Right -- my suggestion here would be that #@= would not produce the
result of = but would instead generate the counts directly without
generating the intermediate results.

And yes i.~ and u/. give the same information more compactly, (but the
equivalent expression involving i.~ would be >./@i.~ which is harder
to read, so #@~. would be preferable).  and u/. assumes that we are
using the bit vectors to compress an argument.

Meanwhile, if you were to get rid of the monadic definition of = it
would make sense to give it the nub operation in its place, leaving ~.
in place (mapping it to CEQ instead of CNUB) for backwards
compatibility. I would be hesitant to take that step (at the very
least, I'd want to read through every published book on J to make sure
I hadn't overlooked something important. For example, are there
approaches to fractals where the current = monadic result is useful?)

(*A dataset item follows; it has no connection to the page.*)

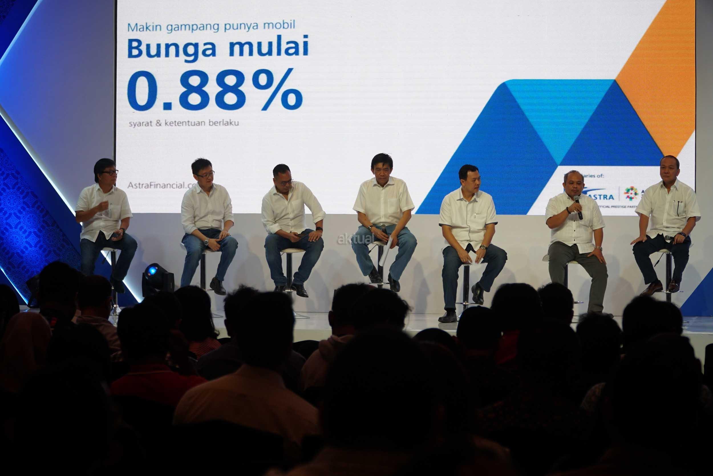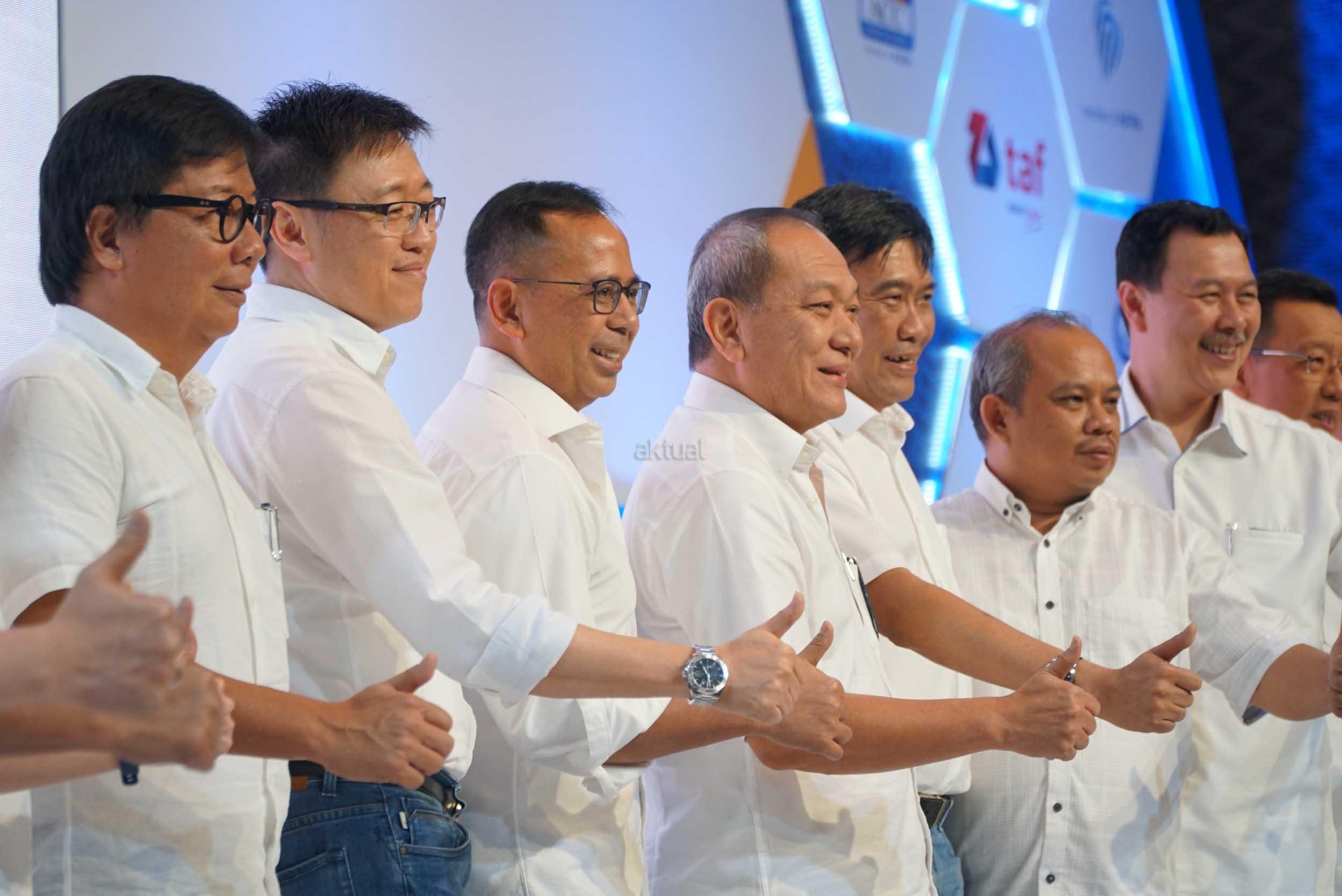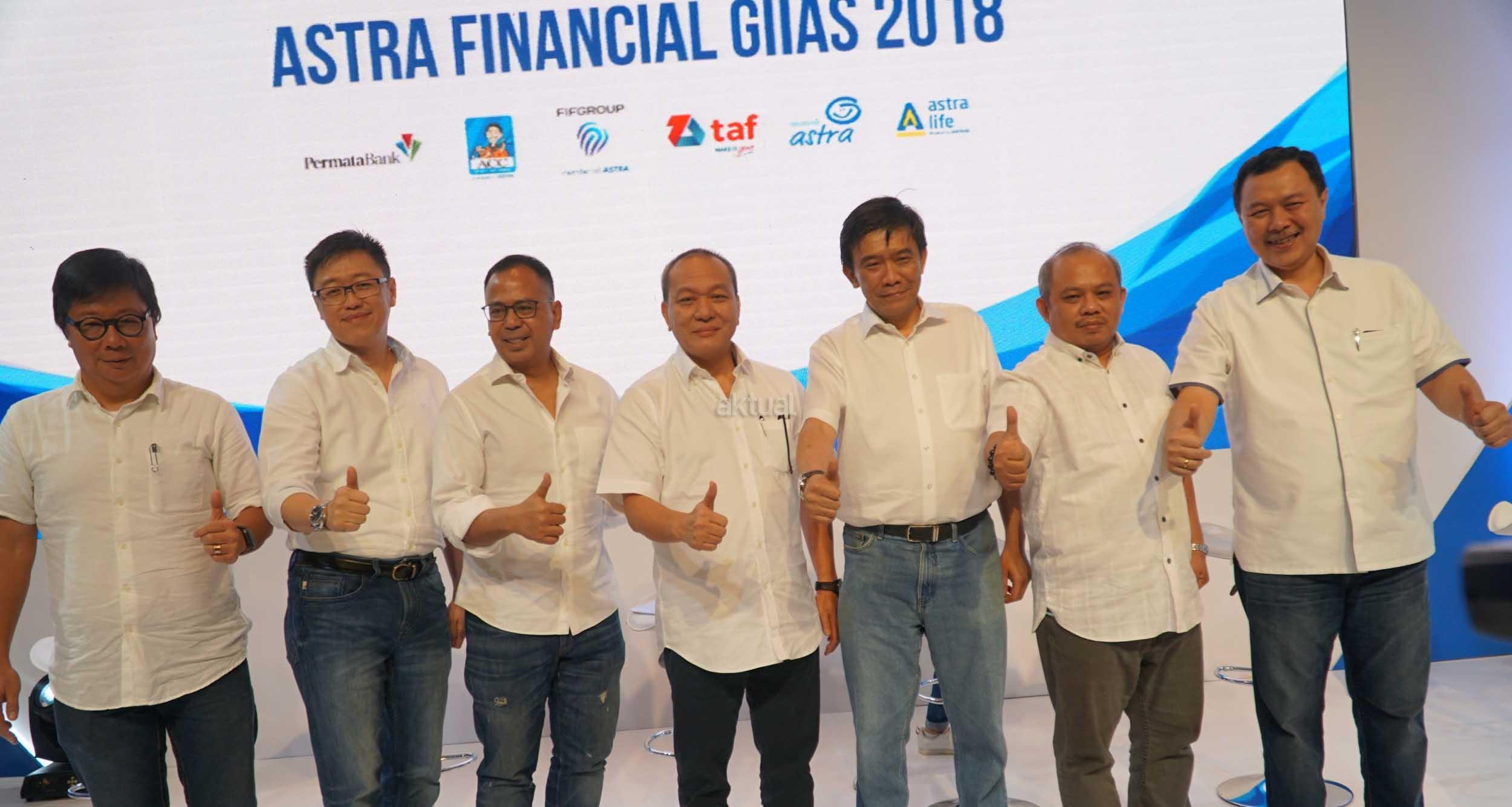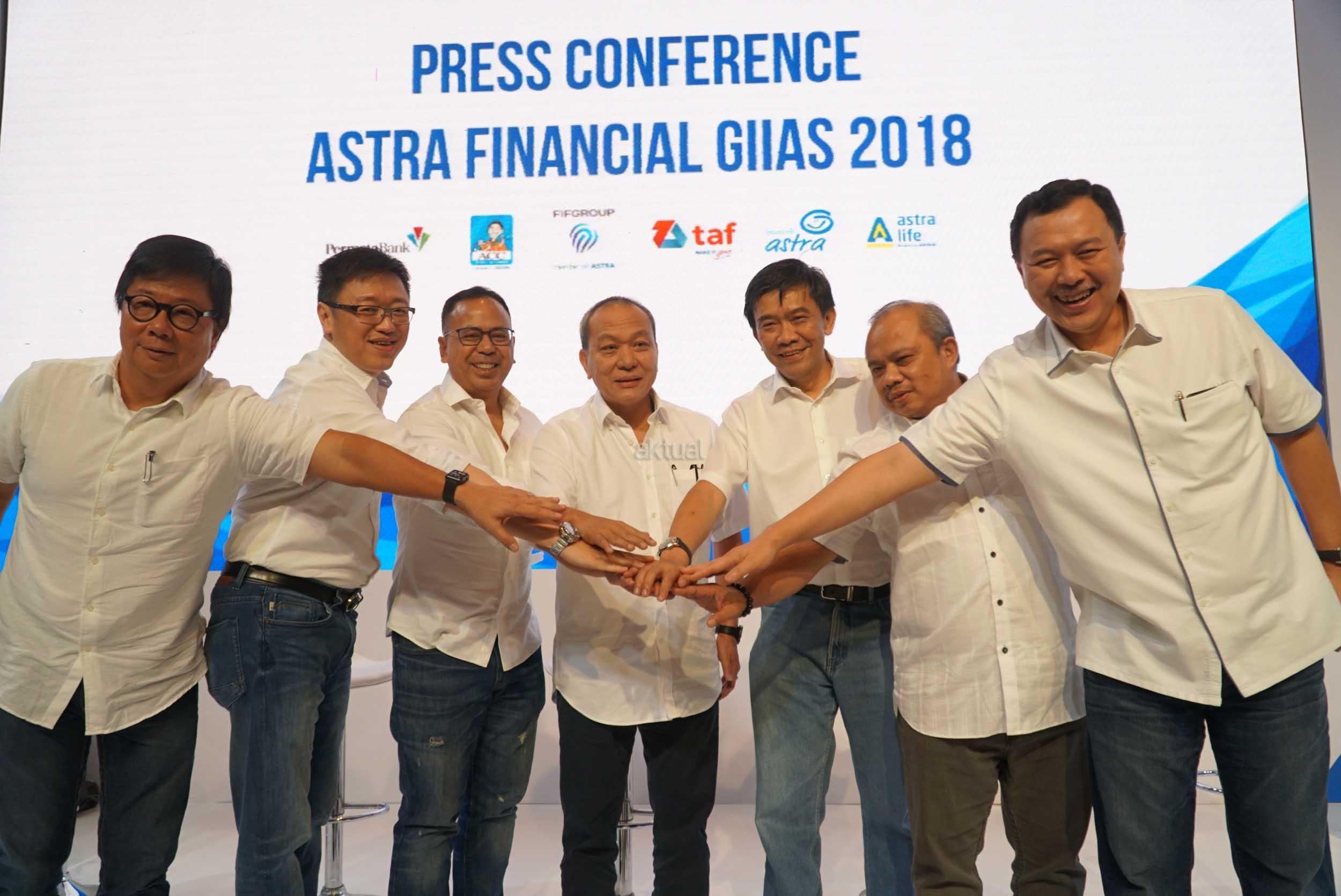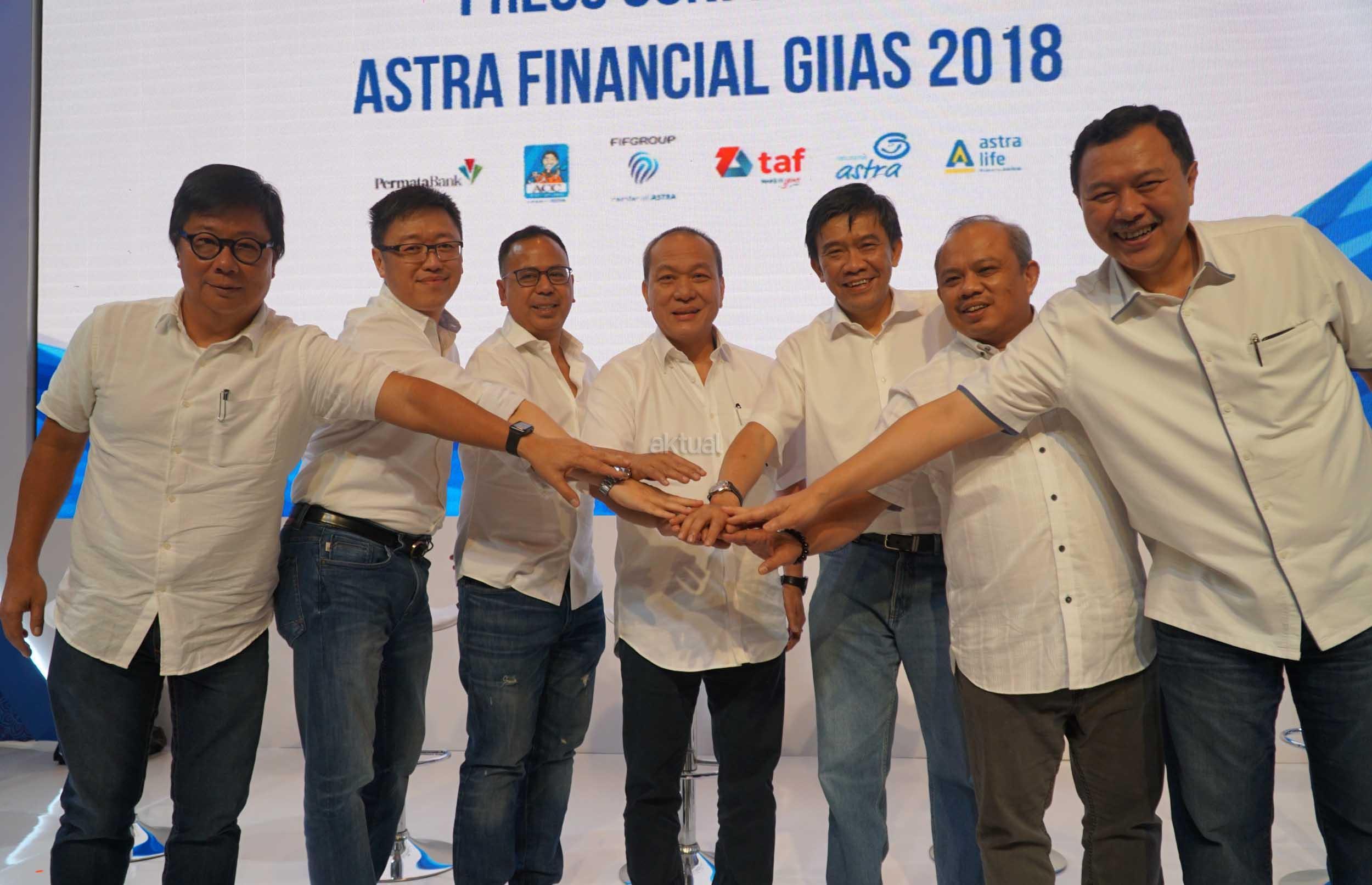 Direktur PT Astra International/ Director in Charge Astra Financial Suparno Djasmin (tengah) bersama (dari kiri) Presiden Direktur Astra Life Auddie Wiranata, Chief Executive Officer Asuransi Astra Rudy Chen, Direktur Utama Permata Bank Ridha DM Wirakusumah, Presiden Direktur FIF Group Margono Tanuwijaya, Presiden Direktur Astra Credit Companies (ACC) Siswadi dan Presiden Direktur Toyota Astra Financial Services Agus Prayitno bertumpu tangan pada pengumuman keikutsertaan Astra Financial sebagai sponsor utama pameran otomotif GIIAS 2018 di Jakarta, Selasa (24/7). Keikutsertaan Astra Financial pada Gaikindo Indonesia International Autoshow 2018 dengan melibatkan enam dari 10 Lembaga Jasa Keuangan (LJK) didalamnya untuk mendukung perkembangan industri otomotif nasional. AKTUAL/Eko S Hilman

A general issue, in the context of the usefulness of primitives, is
that any single application domain is going to tend to emphasize a
handful of primitives, but an unrelated application domain would tend
to emphasize a different handful.

Anyways, this doesn't have to go out immediately or anything, but the
argument that jtsclass() might be tossed is not necessarily an
argument against my suggestion.

Thanks,

-- 
Raul

On Tue, Dec 6, 2022 at 12:00 PM Henry Rich <[email protected]> wrote:
>
> I abhor (= y) because it is so wasteful of space and computation.  (i.~
> y) gives the same information more compactly.  Given the chance, I would
> expunge monad = .
>
> To me, #@~. is more to the point (how many unique values?, rather than
> how many sets of equivalent values?), but that's a matter of taste.
>
> Henry Rich
>
>
> On 12/6/2022 3:50 AM, Raul Miller wrote:
> > #@= gives the same result as #@~. and is more concise (and, plausibly
> > easier to read, once you're used to the idea).